Ошейник для Лисицы
Шрифт:
Я снова свесился вниз головой, зацепившись за сук коленями. Хоть я и не летучая мышь, чтобы вот так висеть подолгу, но мы с ними определённо похожи.
Гиены отчалили от пристани, подняли паруса и пустились в погоню. Стоит подождать, пока уйдут подальше: крылатую тень на фоне светлого неба заметить очень легко…
Когда их паруса уже почти пропали за горизонтом, я разогнул лапы, отправив себя в свободное падение с огромной высоты. Тонкие ветки, хлеставшие по морде, редели, пока не кончились совсем. Больше моему полёту ничего
Расправив крылья и почувствовав пьянящий запах свежего воздуха, я всего за два взмаха оказался выше моего бывшего пристанища и огляделся. Парус уже почти скрылся, оставалась лишь тонкая верхушка мачты. На таком расстоянии я за ними и полечу, нечего им нервы трепать. Флёр и так им вкатит по самое «не балуй», а я присоединюсь попозже. Хотя, может, и совсем не буду присоединяться. Сделаю ей подарок — принесу пару пленников, да ещё и с величайшим вором познакомлюсь.

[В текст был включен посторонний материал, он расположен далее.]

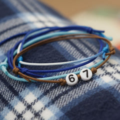 Each set includes four adjustable waterproof string bracelets in ocean blues and a neutral brown with bold white “67” beads that say you’re one of my 67 people. Stack them high, share them with your crew or rock a single bracelet for low-key drip — they’re comfy for school days and tough enough for the beach.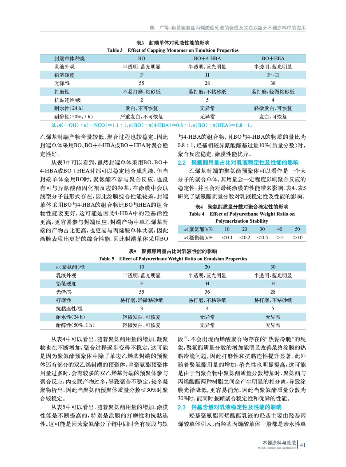 羥基聚氨酯丙烯酸酯乳液的合成及其在雙組分木器涂料中的應用

Медленно взмахивая крыльями, я поплёлся со скоростью улитки вдоль глади моря. Зачерпнув лапой, умылся солёной водой и начал медленно набирать скорость: парус исчез из моего поля зрения.
«Непобедимость» легко резала морские волны, ветер натягивал парус, толкая наше судно вперёд. Кричали чайки, поскрипывали снасти. Вокруг лежало огромное море, посреди которого на корме небольшой яхты сидели три лиса.
Точнее, два. Мы с Ареном не могли оторвать взгляд от Флёр, которая не просто плакала — она молча рыдала, иногда вытирая слёзы лапой. Шерсть на её морде уже пропиталась солёной жидкостью, но слёзы всё лились и лились с её глаз. Она говорила очень тихо, но каждый звук причинял ей боль. Она не хотела вспоминать, потому что как только она сказала первое слово, то словно снова вернулась в своё ужасное прошлое…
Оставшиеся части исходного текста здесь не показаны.